Monday, Aug. 21, 1939
Women in Wartime
One of Japan's favorite excuses for the "China Incident" has been population pressure--so many people on such dinky islands. Nevertheless the Japanese Ministry of Public Welfare announced last week that it plans to distribute bonuses amounting to $60,000 among mothers who have more than ten children.
For the past ten years, Japanese women have been bearing between 2,000,000 and 2,200,000 babies a year. The net annual population increase (births minus deaths) has hovered around 900,000. Government statisticians recently got a shock when they audited vital statistics for 1938. Births had fallen by 230,000, were 210,000 below the ten-year average. Simultaneously the death rate had increased, leaving a net population gain of only 668,519. Furthermore, war casualties, which are too holy to be reduced to statistics, were not included in the death total. The War Office has announced war deaths as 60,000; actually they are probably three times that. The actual net gain was perhaps as low as 500,000.
Alarmed by the sudden drop, the Government has been urging women to marry early, bear often. Alarmed, too, by the gaps left by warriors departed for China, it has urged women into jobs. On farms they have virtually supplanted men. Factories, particularly heavy industries, are hiring more & more.
A conspicuous sight in Japanese streets nowadays are crowds of housewives in khaki smocks or calico aprons--uniforms of the Women's Patriotic Society (750,000 members) and of the Women's Organization for National Defence (4,500,000 members). Their activities include Banzai parties for departing soldiers, visiting military hospitals to "comfort" the wounded, taking part in anti-British rallies.

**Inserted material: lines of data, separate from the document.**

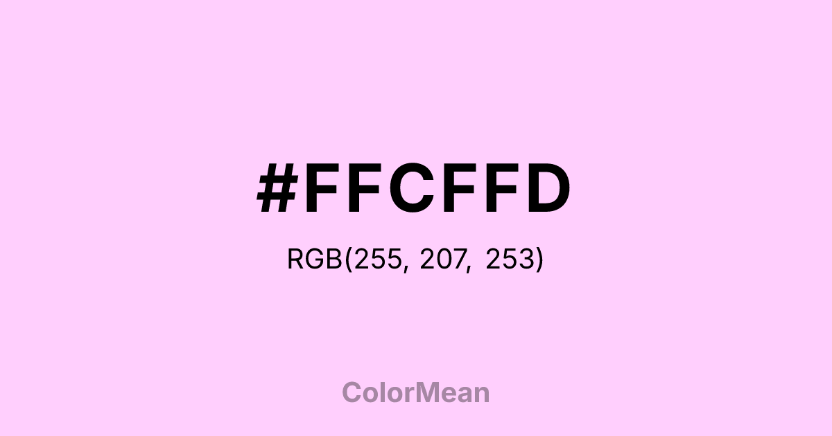 #FFCFFD RGB value is (255, 207, 253). The hex color red value is 255, green is 207, and blue is 253. Its HSL format shows a hue of 302°, saturation of 100 percent, and lightness of 91 percent. The CMYK process values are 0 percent, 19 percent, 1 percent, 0 percent.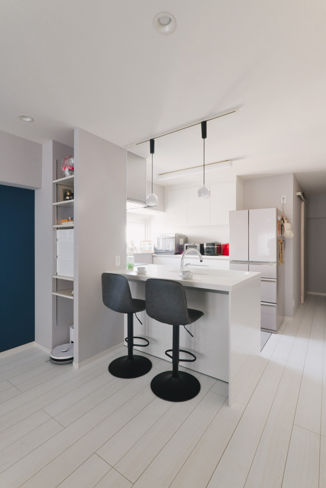 築53年のマンションを27年前に購入し、今回リフォームをお願いしました。担当のMさんに予算を聞かれ、いろいろな案を出してもらいました。古いマンションなので拘っていたキッチンが出来ないかもしれない!と途中アクシデントもありましたが、昔の図面を見たり調べたりして、希望通りのキッチンが出来ました。設計士のKさんには何度も図面を変更してもらったり、アドバイスを頂き大変お世話になりました。収納を増やしたくて何ヵ所か作って頂きとても気に入っています。お二人にはとても寄り添ってもらい、私達の希望を叶えて頂きました。また何かありましたらお願いしたいです。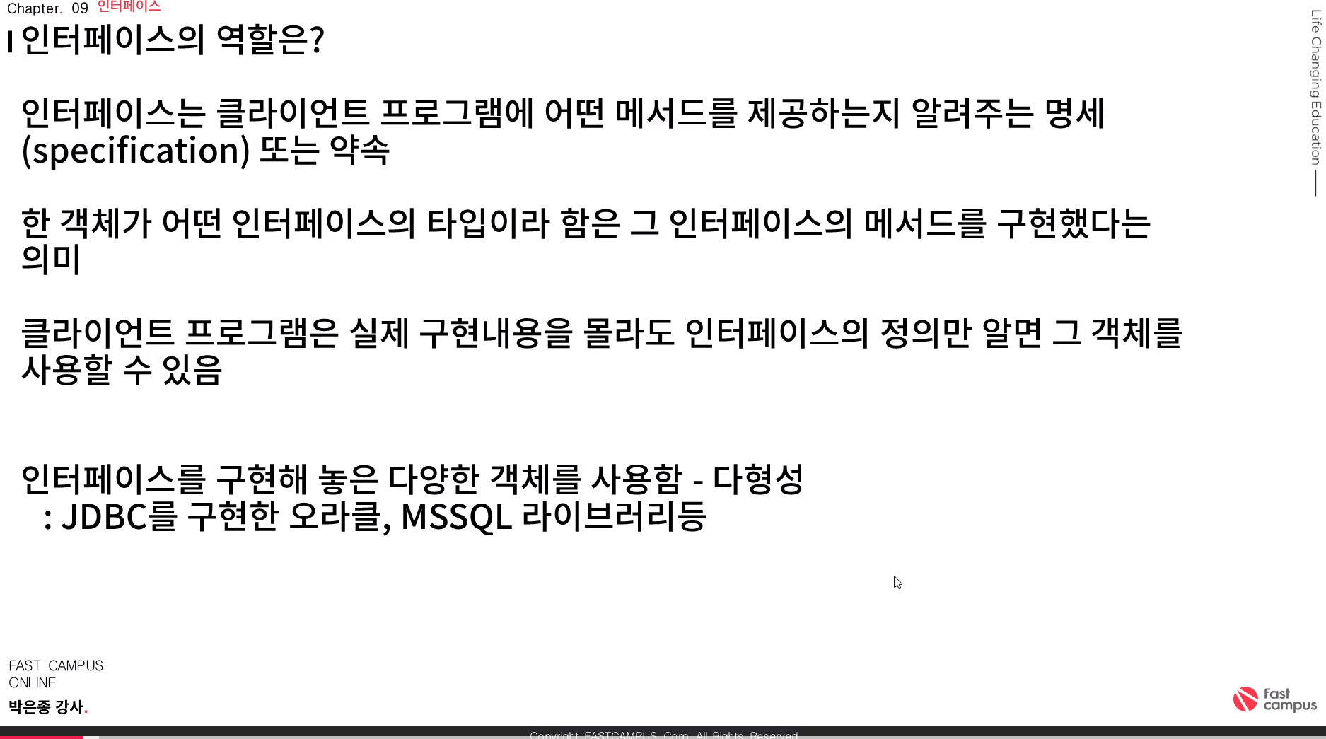 인터페이스는 구현체가 없다. 이를 구현한 클래스에서 모든 구현체를 만들어야 한다.(default 접근 제어자 제외) 예를 들어 한 인터페이스를 구현한 A, B 클래스가 있다고 하자. 현재는 A 클래스를 사용하고 있지만, 인터페이스를 잘 설계했다면 다른 기존 코드의 변경이 거의 없이 B 클래스로 쉽게 변경할 수 있다. 자바의 JDBC가 이렇게 구현되어 있으며, 스프링에서도 대부분 이러한 인터페이스 장점을 잘 활용하고 있다.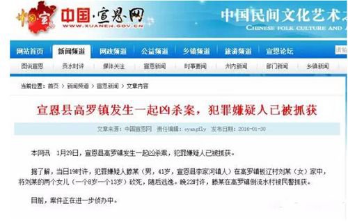 通报  楚天都市报 1 月 30 日讯 1 月 29 日,宣恩县高罗镇发生一起凶杀案,据了解,当日晚 7 时时许,犯罪嫌疑人滕某(男,41 岁,宣恩县李家河镇人)在高罗镇板辽村刘某(女)家中,将刘某的两个女儿(一个 8...

Wartime emergencies have worked a near revolution in the position of Japanese married women. Traditionally homebodies who brewed tea and arranged flowers, they have found to their surprise and delight that they can walk in the streets unashamed, can even do men's work.
Japanese spinsters, too, are making hay. Hundreds of them have been hired by the Government as Peeping Thomasinas. Some of them loiter around the luxury counters of department stores, taking notes on their sisters who squander yen on beauty creams instead of patriotically investing in Government bonds. Other, luckier maidens, steal at dusk to vantage points near geisha-houses, machiai (waiting-houses) and licensed prostitute quarters, and there scribble down the automobile license plates of bloods who waste their money during the national emergency. Sometimes, when the young scalawags arrive by taxi, the guardians of national thrift have to slip right inside the house to get a good look at who is misbehaving--and for how much.